The loop vectorizer generates the following shufflevector intrinsic:
%interleaved.vec = shufflevector <32 x i8> %a, <32 x i8> %b, <64 x i32> <i32 0, i32 32, i32 1, i32 33, i32 2, i32 34, i32 3, i32 35, i32 4, i32 36, i32 5, i32 37, i32 6, i32 38, i32 7, i32 39, i32 8, i32 40, i32 9, i32 41, i32 10, i32 42, i32 11, i32 43, i32 12, i32 44, i32 13, i32 45, i32 14, i32 46, i32 15, i32 47, i32 16, i32 48, i32 17, i32 49, i32 18, i32 50, i32 19, i32 51, i32 20, i32 52, i32 21, i32 53, i32 22, i32 54, i32 23, i32 55, i32 24, i32 56, i32 25, i32 57, i32 26, i32 58, i32 27, i32 59, i32 28, i32 60, i32 29, i32 61, i32 30, i32 62, i32 31, i32 63>
which is lowered to SelectionDAG:
t2: v32i8,ch = CopyFromReg t0, Register:v32i8 %0 t6: v64i8 = concat_vectors t2, undef:v32i8 t4: v32i8,ch = CopyFromReg t0, Register:v32i8 %1 t7: v64i8 = concat_vectors t4, undef:v32i8 t8: v64i8 = vector_shuffle<0,64,1,65,2,66,3,67,4,68,5,69,6,70,7,71,8,72,9,73,10,74,11,75,12,76,13,77,14,78,15,79,16,80,17,81,18,82,19,83,20,84,21,85,22,86,23,87,24,88,25,89,26,90,27,91,28,92,29,93,30,94,31,95> t6, t7
So far this vector_shuffle is good enough for us to pattern-match and transform, but as we go down the SelectionDAG pipeline, it got split into smaller shuffles. During dagcombine1, the shuffle is split by foldShuffleOfConcatUndefs.

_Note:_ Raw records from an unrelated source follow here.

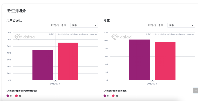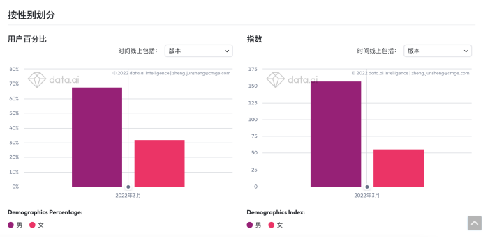 《AOV》用户性别分布;数据来源:data.ai
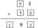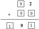 2+8=10,向十位进1,9+9+1=19;2+9=11,向十位进1,9+9+1=19.
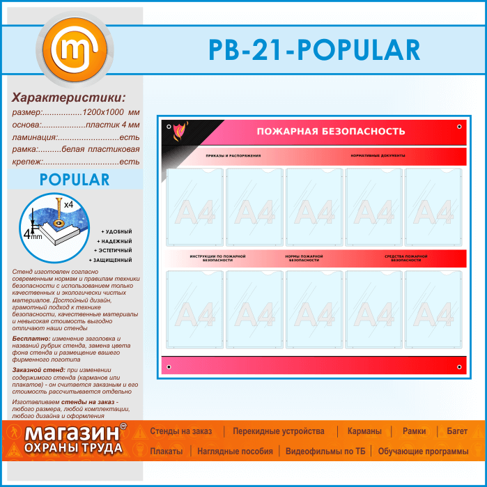 Стенд по пожарной безопасности с карманами предназначен для самостоятельного расположения необходимой информации по пожарной безопасности на предприятии – это 10 плоских качественных карманов А4 формата, выполненных из оргстекла на дистанционных держателях, предотвращающих попадание мусора в карманы и скапливания пыли. Над карманами на стенде расположены следующие рубрики: приказы и распоряжения, нормативные документы, инструкции по пожарной безопасности, нормы пожарной безопасности и средства пожарной безопасности
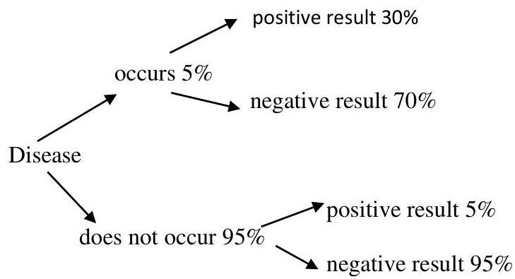 A certain medical disease occurs in 5% of the population. A simple screening procedure is available and in 3 out of 10 cases where the patient has the disease it provides a positive result. If the patient does not have the disease there is still a 0.05 chance that the test will give a positive result. Draw a tree diagram to represent this.
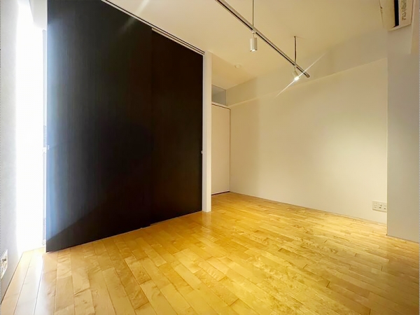 反対側にはブラックな引き戸の付いたクローゼットも。
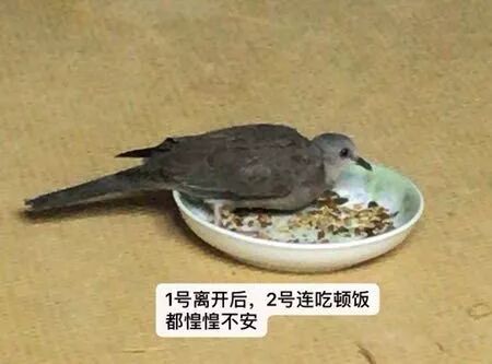 都说珠颈斑鸠是养不熟的野鸽子,很多接触过珠颈斑鸠的人可能会觉得它们无情无义,实际接触下来,我也确实觉得在鸟类当中,它们的智商实在算不得高,但是不得不说,它们也是非常有感情的:幼小无助时对我的全心依赖;我扮演“恶人”之初不依不饶地信任我、亲近我;2号在1号走后的失落和彷徨,从来不往外张望的2号,在1号野放后,天天都站在窗口,想着撞开窗户飞出去寻找1号,甚至向我发出了“叽叽”的示好声,想和我“重修旧好”(这是我唯一一次差点放弃继续狠心吓唬它);还有1号停在桂树枝头上看着我的眼神里的,那一点点描述不清的情绪。

// shuffle (concat X, undef), (concat Y, undef), Mask --> // concat (shuffle X, Y, Mask0), (shuffle X, Y, Mask1) t2: v32i8,ch = CopyFromReg t0, Register:v32i8 %0 t4: v32i8,ch = CopyFromReg t0, Register:v32i8 %1 t19: v32i8 = vector_shuffle<0,32,1,33,2,34,3,35,4,36,5,37,6,38,7,39,8,40,9,41,10,42,11,43,12,44,13,45,14,46,15,47> t2, t4 t15: ch,glue = CopyToReg t0, Register:v32i8 $ymm0, t19 t20: v32i8 = vector_shuffle<16,48,17,49,18,50,19,51,20,52,21,53,22,54,23,55,24,56,25,57,26,58,27,59,28,60,29,61,30,62,31,63> t2, t4 t17: ch,glue = CopyToReg t15, Register:v32i8 $ymm1, t20, t15:1
With foldShuffleOfConcatUndefs commented out, the vector is still split later by the type legalizer, which comes after dagcombine1, because v64i8 is not a legal type in AVX2 (64 * 8 = 512 bits while ymm = 256 bits). There doesn't seem to be a good way to avoid this split. Lowering the vector_shuffle into unpck and perm during dagcombine1 is too early. Therefore, although somewhat inconvenient, we decided to go with pattern-matching a pair vector shuffles later in the SelectionDAG pipeline, as part of lowerV32I8Shuffle.
The code looks at the two operands of the first shuffle it encounters, iterates through the users of the operands, and tries to find two shuffles that are consecutive interleaves. Once the pattern is found, it lowers them into unpcks and perms. It returns the perm for the shuffle that's currently being lowered (have ISel modify the DAG), and replaces the other shuffle in place.
Have you investigated using this for other types?